興味を持ち調べてみたところ、こんな記事がありました。

www.scmp.com

2018年の記事で古いですが、2016年に仕事を求めて別の省に移った中国人は7700万人もいたとか。子供だけで見ると、2012年には推定2000万人の6歳から14歳が、故郷を離れていたそうです。転勤とかじゃなくて、出稼ぎのための家族の移動が主なようです。

 

中国の戸籍制度は1950年代に作られ、農村戸籍都市戸籍に分かれており、そこに教育を含めた行政サービスが紐づけられています。だから、北京に住んでいても出身地の地元の学校しか行けないシステムだったんですね。2000年代初期には北京の出稼ぎ者の子供の半分以上が無認可の出稼ぎ者用の学校に通っていたとか。学校に行っていない子供も多かったようです。

 

中国政府も問題の広がりに気づき、2006年には出稼ぎ者の子供も義務教育が受けられるようになりました。2008年には公立学校なら無料で行けるようになったんです。しかし、Global Education Monitoring Reportという報告書が、出稼ぎ者の子供たちには根強い差別があると指摘していました。

 

北京や上海の場合は公立校でも、入学しにくいように出稼ぎ者の子供には複数の証明書の提出を義務付けたり、テストを受けさせたりすることもあるようです。

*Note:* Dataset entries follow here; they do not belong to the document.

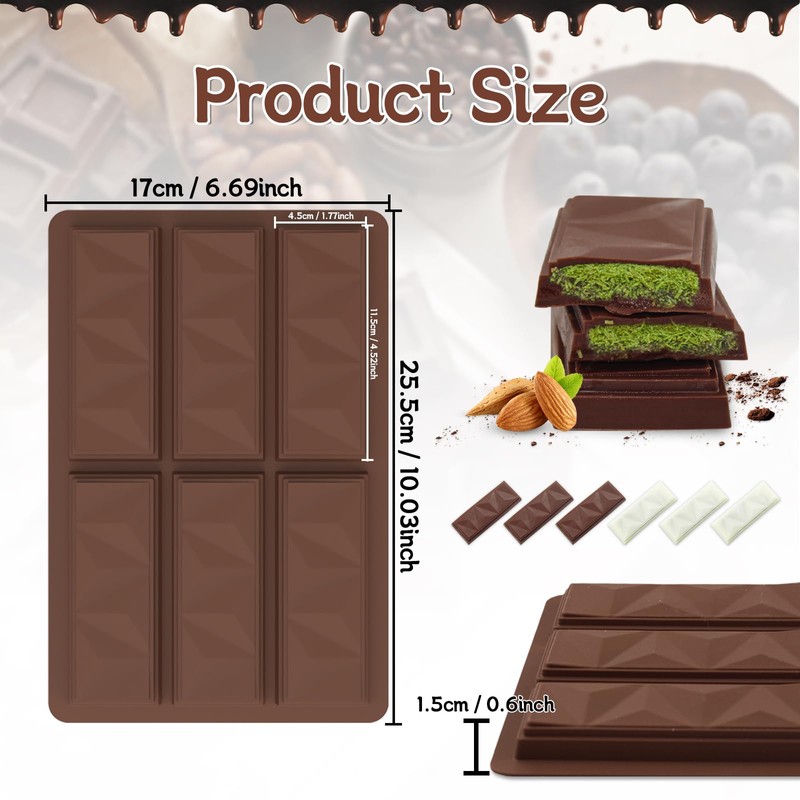 - 【Easy To Make And Multipurpose】 If you want to try to make homemade knafeh pistachio chocolate bar, candy bars and wax melts, , then these pistachio chocolate bar molds allows you to make professional-looking chocolate bars at home easily, very easy to operate and produce visible results, both beginners and baking enthusiasts can use it easily.
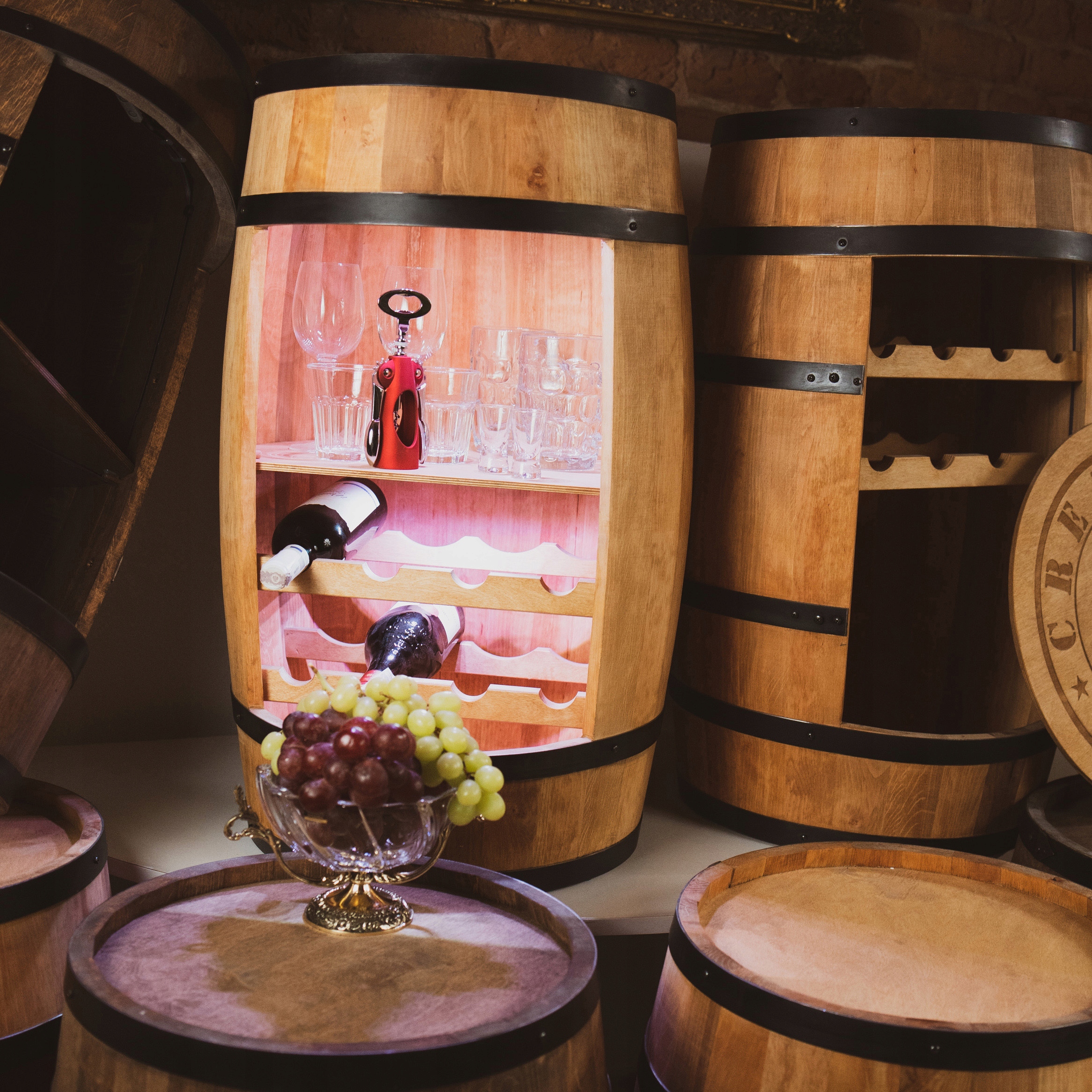 Барель - Бар з винною полицею - це унікальний предмет меблів, який забезпечує унікальну внутрішню прикрасу в поєднанні з практичним використанням. Кожна бочка виготовлена вручну , починаючи з ріжучих дощок у пилорамі, закінчуючи ручкою платних платежів, що надає бочку унікальну опуклу форму. У планці розміщено близько 30 пляшок (залежно від форми та розміру).
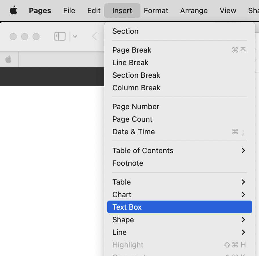Click the symbol on the Pages toolbar that has the word Text beneath it. Text boxes are always open, and you click on the placeholder text and enter your content.
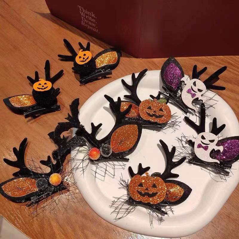 할로윈 유령 축제 머리핀 활 머리핀 무대 공연 야간 박쥐 거미 호박 모자 여성용 머리 장식

出稼ぎ者の子供が増えると学校の評判が落ちるからで、レベルの低いクラスに入れたり、職業訓練校に追いやったりということもあるようです。

 

教師たちの間にも出稼ぎ者の子供への偏見があり、地元の子供をひいきし、出稼ぎ者の子供を無視するという状況も把握されていました。その理由の一つは、出稼ぎ者の子供は上海などの都市の高校に行くことが以前できなかったため、受験をしない子供には教えても無駄という考えがあったことがあるようです。過去の厳しい政策が緩和されても、学校側や教師が教育の障害となってしまっているんですね。

 

別記事でも中国の戸籍制度は「アパルトヘイト」ばりと批判されています。

thediplomat.com

都市の戸籍は、海外大卒、職業的に成功している証拠、大金があれば手に入れることができるそうです。特別な人たちですよね。それができない人は一定の条件下「居住者カード」のようなものを手に入れることができ、彼らの子供たちは1年生から9年生の間は公立学校に通えるそうです。ところが、戸籍が都市にないため、高校からは公立に通えない。私立は学費が高く競争率も高いため、家族は早めに教育プランを立てなければならないそうです。「居住者カード」も手に入れられない人は、家族も呼び寄せられないとのことですが。

 

記事は、そもそも出稼ぎ者の労働力のおかげで大都市は成長できたのに、都市戸籍の人々は彼らを嫌い、差別していると述べています。また政府に対しても、共産主義の「同志」であるはずの同じ中国人の間に都市と農村で差別ができ、階級化されているのはどうなんだと。そもそも中国共産党に力を与えたのは、都市の住人ではなく、農民だったはず。なのに、党は農民を田舎に閉じ込めようとし、それがだめだとなると都市における彼らの権利を奪うと述べ、なんとも皮肉な事態だとしています。

 

中国は、かなりの格差社会になってるんでしょうか?

これも調べてみたので、後日書きたいと思います。